I testi più antichi descrivono Bastet come la figlia del Dio del sole Ra, creata insieme alla sua gemella malvagia la dea Sekhmet, tali documenti raccontano che fu proprio per l'intervento di Ra che la forza distruttrice di Sekhmet si placò divenendo, insieme a Bastet, l'equilibrio delle forze della natura.
Seguendo l'influenza greca Bastet fu paragonava ad Artemide, avendone caratteristiche simili come la protezione per la famiglia, fu così trasformata da divinità solare a lunare, identificandola come figlia di Iside ed Osiride. Venne rappresentata con il corpo di donna e la testa di gatto e nella sua mano sinistra veniva raffigurato spesso un amuleto a forma di occhio detto l'Udjat “occhio di Ra” avente forti poteri magici, questo talismano veniva riprodotto anche nelle decorazioni all'interno dei templi e delle case come protezione da malattie, rapine ed infortuni ...tutt'ora se viene portato al collo si dice che protegga i viaggiatori.
Fu amata così tanto da divenire per gli egiziani la dea protettrice della famiglia, dei bambini, delle donne, della danza, del sorgere del sole e divinità che forniva la protezione contro le forze maligne e le malattie.
Testimonianze di templi dedicati al culto della dea gatto si trovano in tutto l'Egitto, ma la città sacra di Bastet [BASTET, BAST - Divinità egizie] è Bubastis, località vicino all'attuale città di Zagazig, dove il 31 ottobre di ogni anno si svolgeva un'importante festa in suo onore del quale si trova traccia nel testo dello storico greco Erodoto (Storie – libro II cap. 60).
Una leggenda racconta che Bastet, morsa da uno scorpione, fu guarita da Ra:
“Ra infuriato, provocò una siccità, quando si fu calmato, mandò Thot a cercare Bastet in Nubia, dove lei si era nascosta sotto forma della dea leonessa Sekhmet. Navigando il Nilo, Bastet si era bagnata nel fiume in una città sacra a Iside, trasformandosi di nuovo in gatta entrando a Bubastis, la città dei gatti, fu trovata da Thot … per molti secoli gli egiziani hanno ripercorso il suo viaggio in venerazione dei gatti e della dea Bastet”.
La gatta era assimilata alla luna: come nei gatti le pupille nel buio della notte subiscono grandi variazioni così venivano paragonati ai cicli lunari.
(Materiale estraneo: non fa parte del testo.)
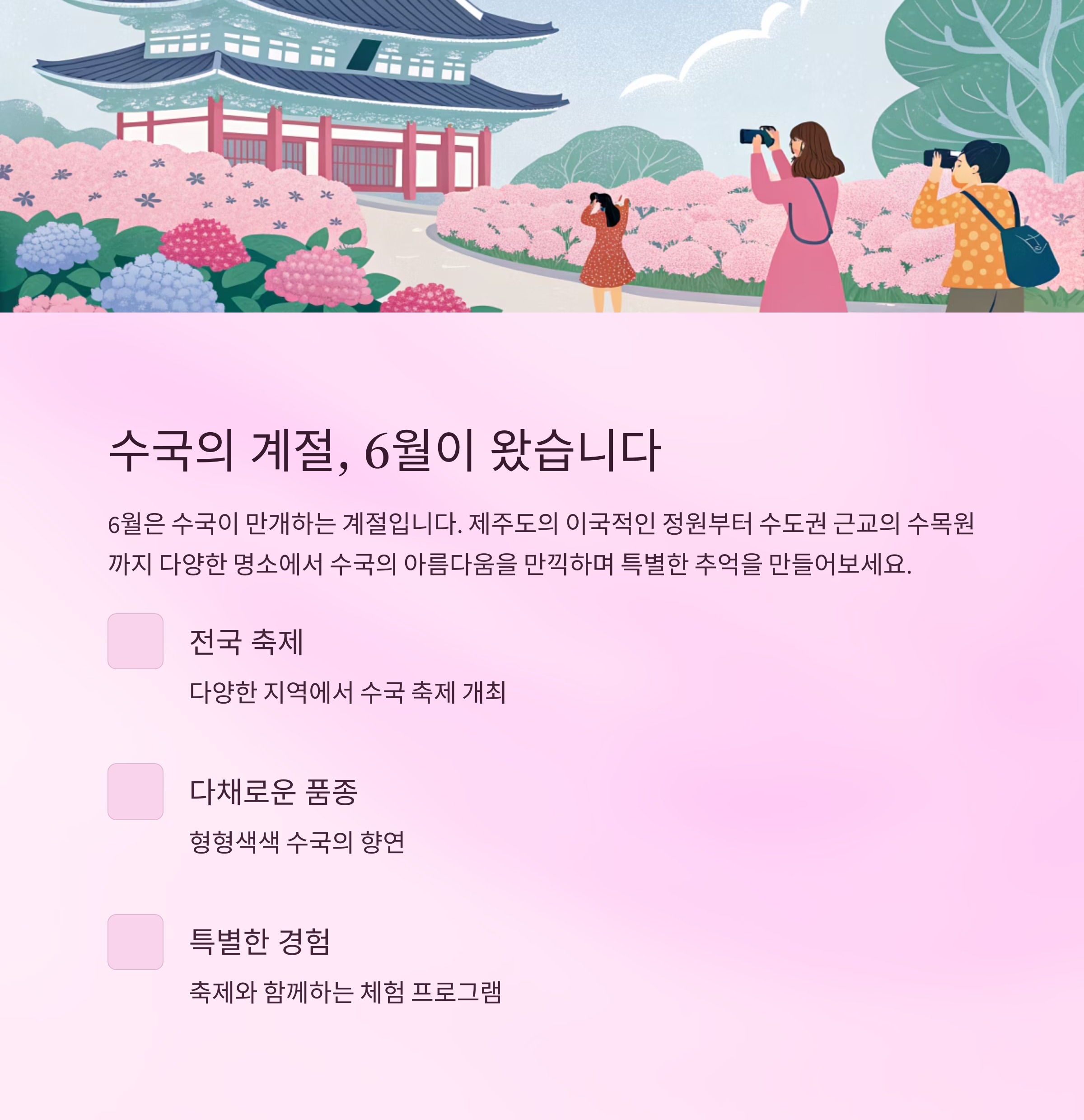 초여름의 낭만, 수국 명소와 축제를 한눈에

Scrive in proposito Edward Topsell (Topsell's Histories of Beasts):
“Gli Egizi hanno osservato negli occhi di una gatta le varie fasi lunari perché con la sua luna piena splendono di più mentre la loro luminosità diminuisce con la luna calante e il gatto maschio muta l'aspetto dei suoi occhi in relazione al sole, infatti quando il sole sorge la sua pupilla si allunga, verso mezzogiorno si arrotonda e la sera non si vede affatto e sembra che l'intero occhio sia omogeneo”.
Alcuni versi tratti dai geroglifici del tempio di Dendera confermano il legame di Bastet con Iside, si legge:
“Quando la vide, sua madre Nut le disse, sii leggera per tua madre, Tu sei più vecchia di tua madre perchè il tuo nome è stato Iside” .
Nella VI dinastia, il faraone Pepi I fece costruire nel suo santuario una cappella dedicata a Bastet, e anche la grande regina Hatshepsut fece scavare un santuario in onore della dea gatto nei pressi di Beni Hassan.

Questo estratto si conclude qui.